This project analyzed salary patterns across the global data science industry using historical datasets. The goal was to understand how experience, company size, and work flexibility impact compensation, while also building predictive models to forecast salaries. The challenge: how do you translate raw data into insights that are both technically rigorous and strategically valuable?
I served as Data Scientist, leading the end-to-end workflow: data collection, cleaning, exploratory analysis, feature engineering, model development, and interpretation.
I combined technical execution with analytical storytelling, ensuring the results were not just accurate but also actionable for both technical and business stakeholders.
Cleaned, normalized, and engineered features from raw salary datasets
Built and validated predictive models using machine learning algorithms
Translated technical findings into business recommendations and insights
Handling missing values, outliers, and noisy compensation data across different industries, regions, and reporting standards.
Accounting for multi-variable interactions between role, experience, geography, company size, and remote work arrangements.

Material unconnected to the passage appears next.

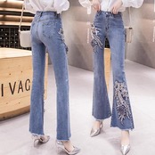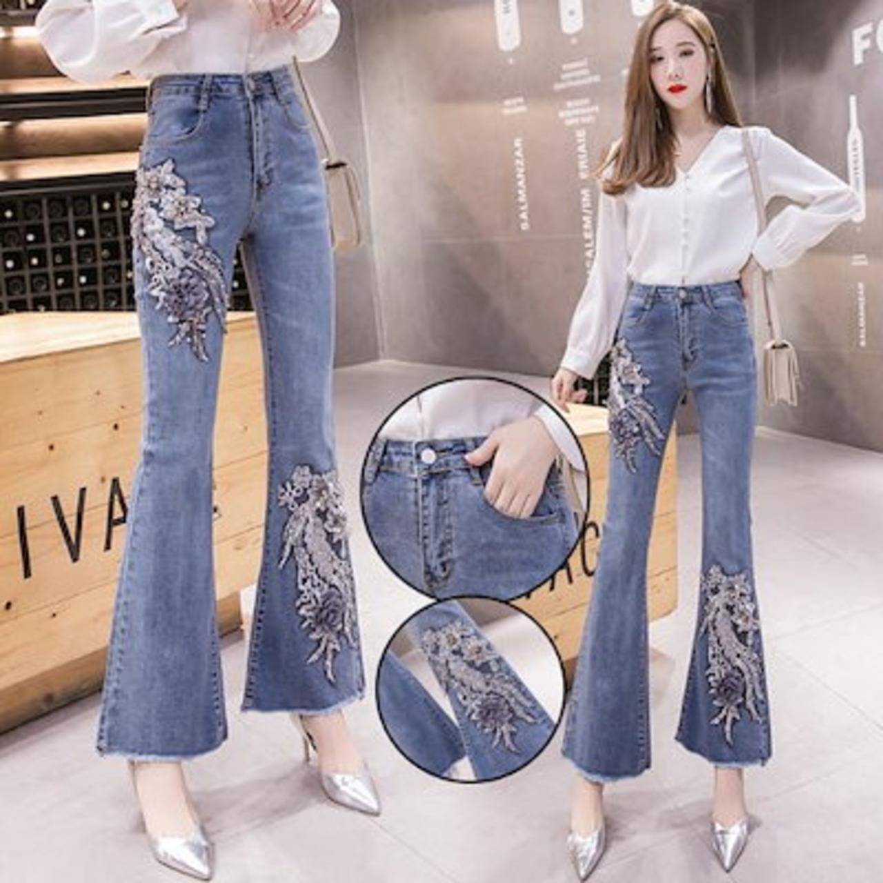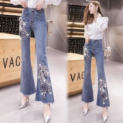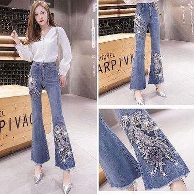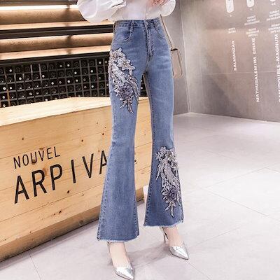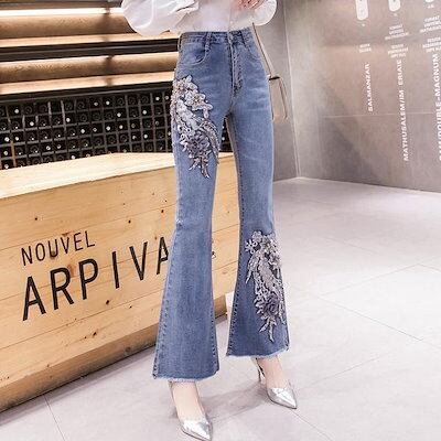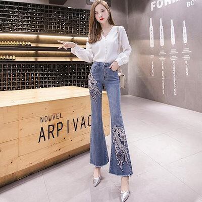 刺繍フレアジーンズレディース2023春秋ハイウエストスリムフィッシュテールパンツドレープややフレアパンツ九点パンツ 母の日

Ensuring results could be understood and acted upon by non-technical stakeholders while maintaining statistical rigor.
Cleaned and normalized datasets for consistency, handling missing values and removing outliers that could skew model performance.
Engineered features to capture seniority levels, company size categories, and work flexibility metrics for better model interpretability.
Applied exploratory visualizations to uncover initial patterns and validate assumptions about salary distributions.
I trained multiple models to predict salaries, including Random Forests and baseline regressions. Random Forest emerged as the top performer with exceptional accuracy across all metrics.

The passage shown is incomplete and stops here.